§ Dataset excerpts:
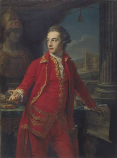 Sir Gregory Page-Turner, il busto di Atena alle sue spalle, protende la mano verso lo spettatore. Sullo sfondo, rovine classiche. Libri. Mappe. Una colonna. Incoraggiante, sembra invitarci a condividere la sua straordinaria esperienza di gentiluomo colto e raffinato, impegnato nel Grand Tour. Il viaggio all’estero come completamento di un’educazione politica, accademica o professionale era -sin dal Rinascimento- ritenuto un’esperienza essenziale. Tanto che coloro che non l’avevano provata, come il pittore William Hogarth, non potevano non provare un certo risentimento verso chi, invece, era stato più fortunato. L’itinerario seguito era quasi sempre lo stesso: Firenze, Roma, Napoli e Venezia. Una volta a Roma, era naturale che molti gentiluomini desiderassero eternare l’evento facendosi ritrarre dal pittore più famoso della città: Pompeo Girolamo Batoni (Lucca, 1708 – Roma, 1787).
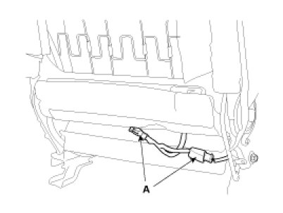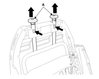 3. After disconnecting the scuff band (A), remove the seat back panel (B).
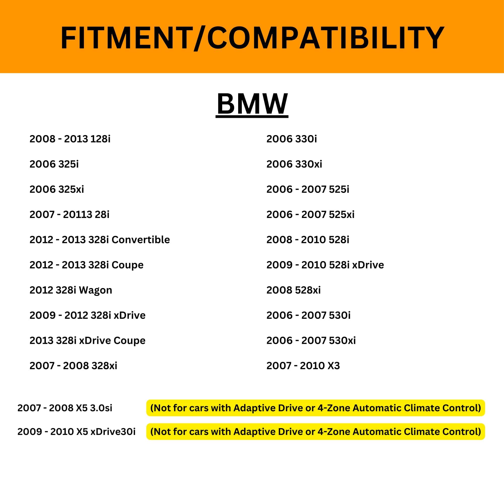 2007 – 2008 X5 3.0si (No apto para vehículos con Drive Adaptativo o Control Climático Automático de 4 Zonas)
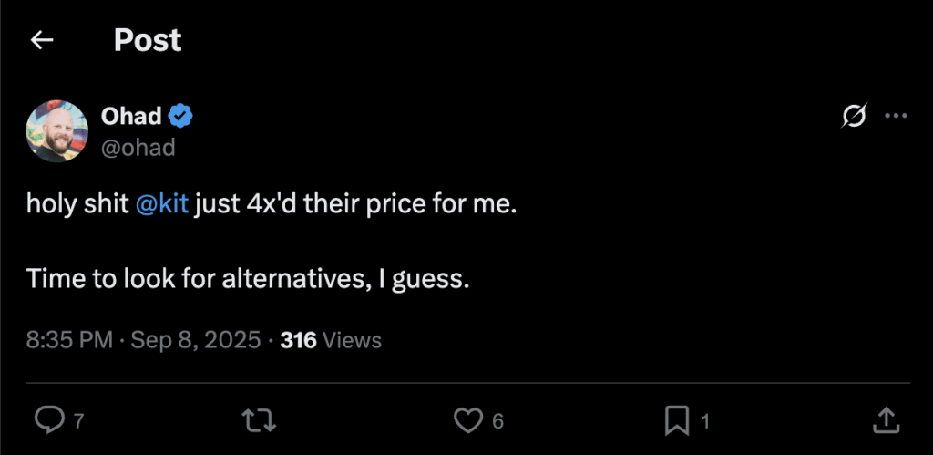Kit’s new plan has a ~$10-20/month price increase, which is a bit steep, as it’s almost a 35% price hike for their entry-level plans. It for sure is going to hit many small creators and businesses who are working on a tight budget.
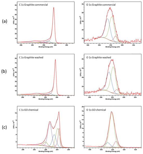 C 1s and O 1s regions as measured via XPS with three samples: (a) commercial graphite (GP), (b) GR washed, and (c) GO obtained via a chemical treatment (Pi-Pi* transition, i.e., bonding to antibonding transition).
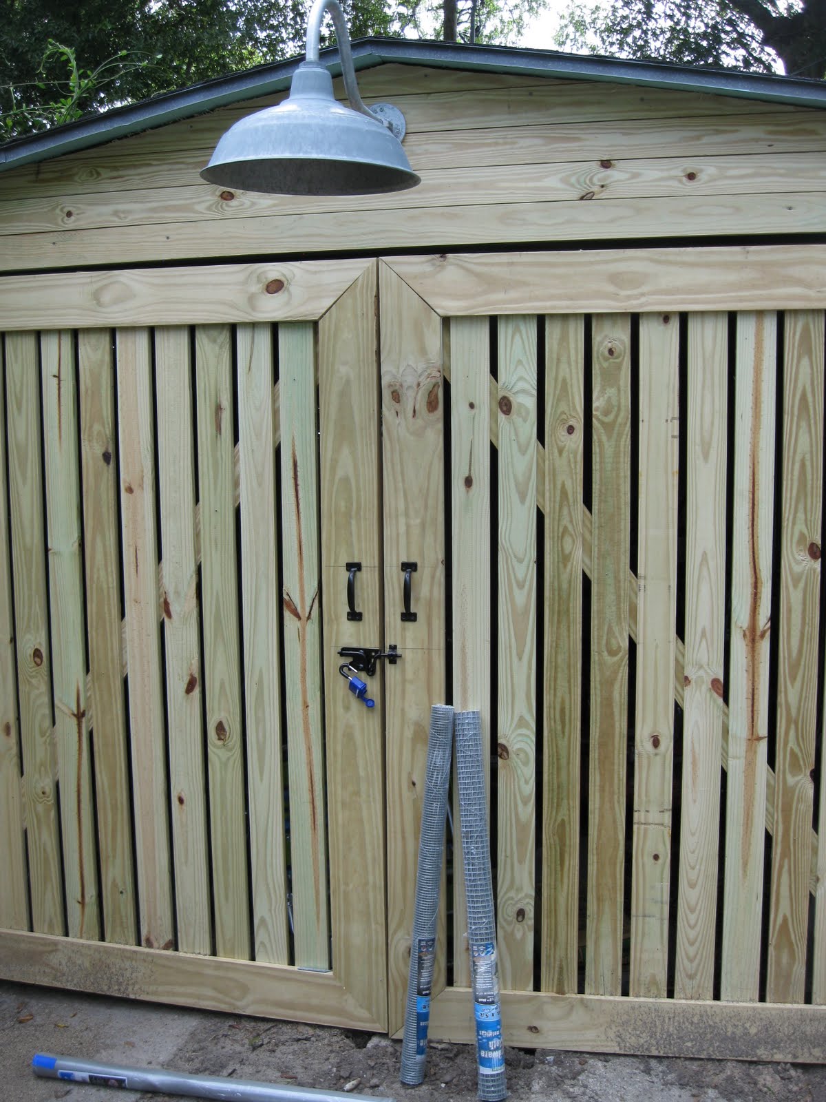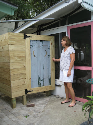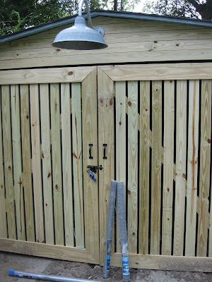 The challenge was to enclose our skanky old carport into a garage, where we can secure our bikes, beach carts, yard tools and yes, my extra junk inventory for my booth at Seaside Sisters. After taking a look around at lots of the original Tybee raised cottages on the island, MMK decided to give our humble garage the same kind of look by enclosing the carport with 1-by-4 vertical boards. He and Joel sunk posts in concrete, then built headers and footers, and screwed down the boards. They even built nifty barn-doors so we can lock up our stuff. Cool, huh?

§ WHAT YOU NEED TO DO: Please output all the records above exactly, leaving out every picture.

§ SOLUTION FOR THIS TASK:
 Sir Gregory Page-Turner, il busto di Atena alle sue spalle, protende la mano verso lo spettatore. Sullo sfondo, rovine classiche. Libri. Mappe. Una colonna. Incoraggiante, sembra invitarci a condividere la sua straordinaria esperienza di gentiluomo colto e raffinato, impegnato nel Grand Tour. Il viaggio all’estero come completamento di un’educazione politica, accademica o professionale era -sin dal Rinascimento- ritenuto un’esperienza essenziale. Tanto che coloro che non l’avevano provata, come il pittore William Hogarth, non potevano non provare un certo risentimento verso chi, invece, era stato più fortunato. L’itinerario seguito era quasi sempre lo stesso: Firenze, Roma, Napoli e Venezia. Una volta a Roma, era naturale che molti gentiluomini desiderassero eternare l’evento facendosi ritrarre dal pittore più famoso della città: Pompeo Girolamo Batoni (Lucca, 1708 – Roma, 1787).
 3. After disconnecting the scuff band (A), remove the seat back panel (B).
 2007 – 2008 X5 3.0si (No apto para vehículos con Drive Adaptativo o Control Climático Automático de 4 Zonas)
Kit’s new plan has a ~$10-20/month price increase, which is a bit steep, as it’s almost a 35% price hike for their entry-level plans. It for sure is going to hit many small creators and businesses who are working on a tight budget.
 C 1s and O 1s regions as measured via XPS with three samples: (a) commercial graphite (GP), (b) GR washed, and (c) GO obtained via a chemical treatment (Pi-Pi* transition, i.e., bonding to antibonding transition).
 The challenge was to enclose our skanky old carport into a garage, where we can secure our bikes, beach carts, yard tools and yes, my extra junk inventory for my booth at Seaside Sisters. After taking a look around at lots of the original Tybee raised cottages on the island, MMK decided to give our humble garage the same kind of look by enclosing the carport with 1-by-4 vertical boards. He and Joel sunk posts in concrete, then built headers and footers, and screwed down the boards. They even built nifty barn-doors so we can lock up our stuff. Cool, huh?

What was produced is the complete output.